No meu trabalho tanto com os atores, quanto na minha visão de


encenação daquilo que eu gostaria de proporcionar ao público enquanto
experiência estética não me coloquei num patamar superior, mas ao contrário
convidei a equipe (e depois o público) a pensar junto comigo as formas de
relações afetivas na contemporaneidade sem adotar perspectivas
maniqueístas: ou dizendo que a tradição está correta e julgar o contemporâneo
a partir disso ou assumindo que o contemporâneo que está correto e fechar os
olhos para suas contradições.
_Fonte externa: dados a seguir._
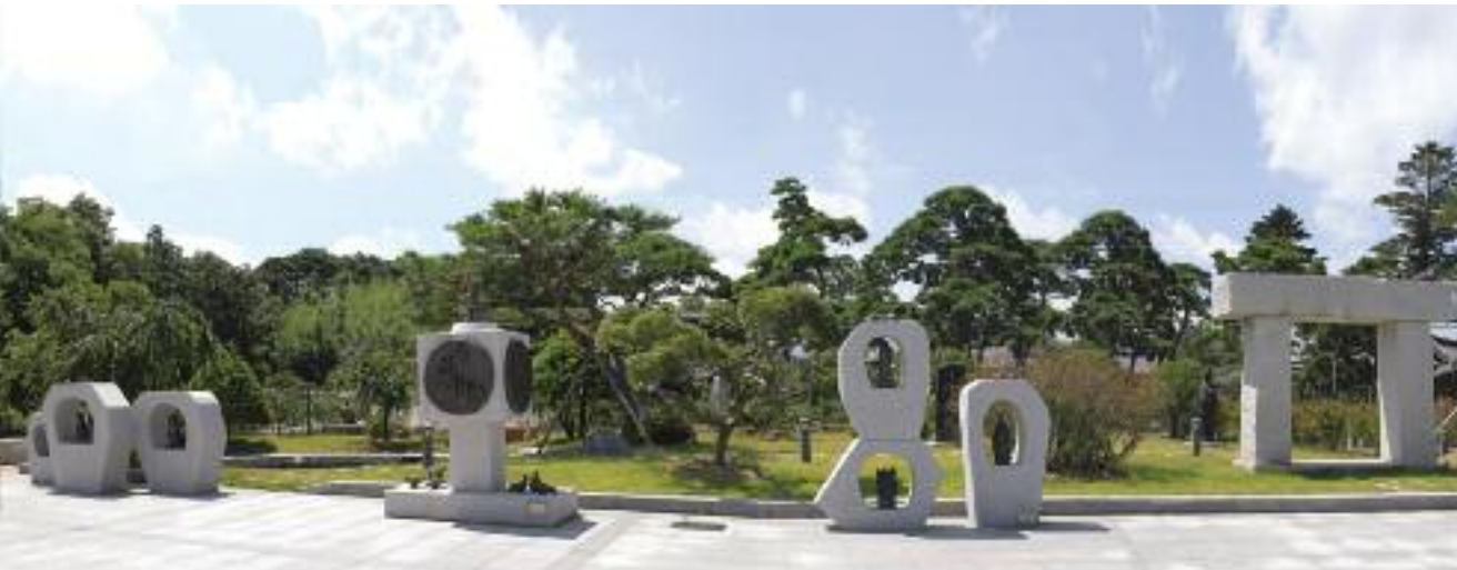
박병희 윤회, 하정웅 미완의 문 | 朴炳熙 輪回、河正雄 未完の門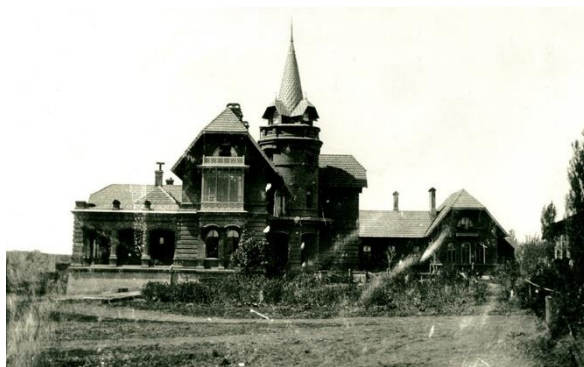
Рисунок 4. Усадьба дворян Мухановых. Архивное фото. 1910г.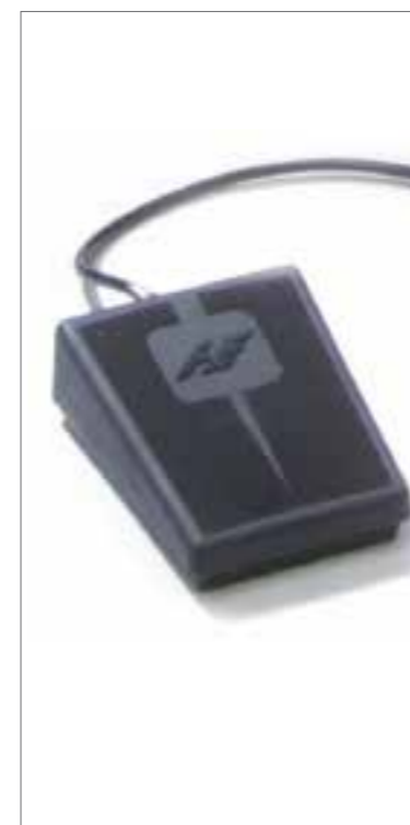
1 Артикул 443.0755.0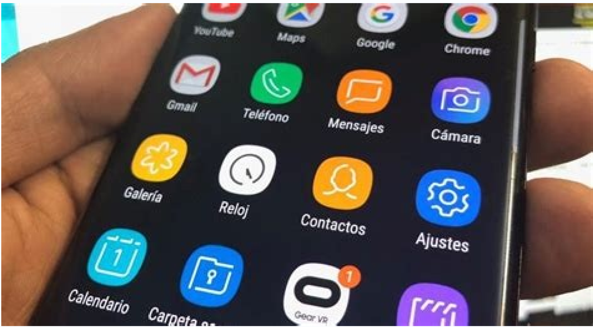
Jak zwiększyć pamięć ram w telefonie z androidem.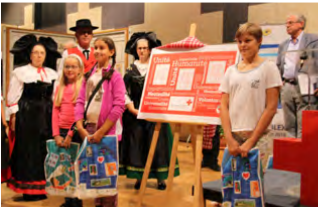
Première exposition Philatélique internationale Croix Rouge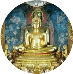
วัดบวรนิเวศวิหาร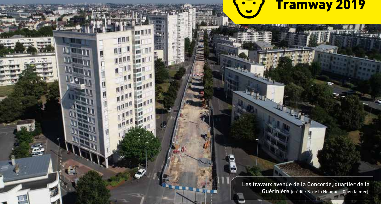
Les travaux avenue de la Concorde, quartier de la Guérinière.

En septembre 2019, un nouveau tramway circulera sur le territoire de la Communauté urbaine Caen la mer.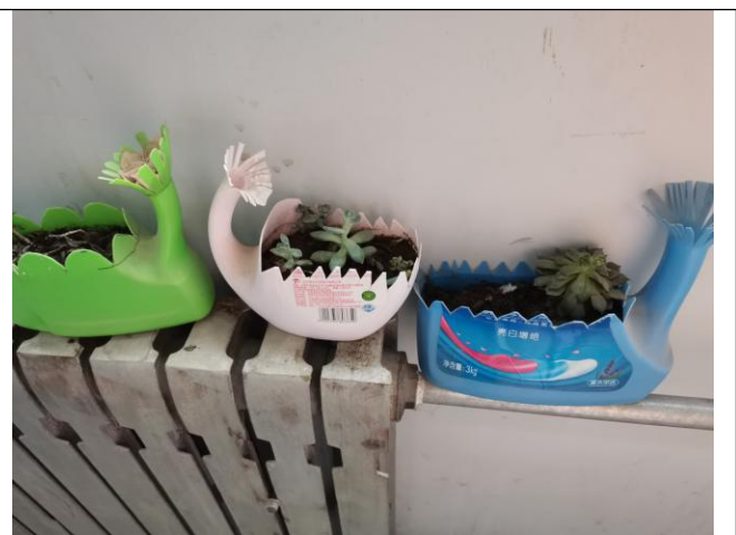
办公室绿植盆用的是废洗衣液瓶

Tratou-se de uma investigação estética do amor,
dos pais pelos filhos, entre amigos e entre amantes.

Eu não me tornei poligâmica depois disso, na verdade a experiência


serviu também para problematizar o meu pertencimento a comunidade gay,
movimento que resultaria anos depois na minha transição de gênero. Mas com
essa vivência aprendi que existem muitos fatores que interferem na produção
dos amores possíveis e que esse território é muito mais vasto do que aquele
que as comédias românticas apresentam.

Referências:

PLATÃO. A República. Tradução de Carlos Alberto Nunes. – 3 ed. – Belém : EDUFPA, 2000.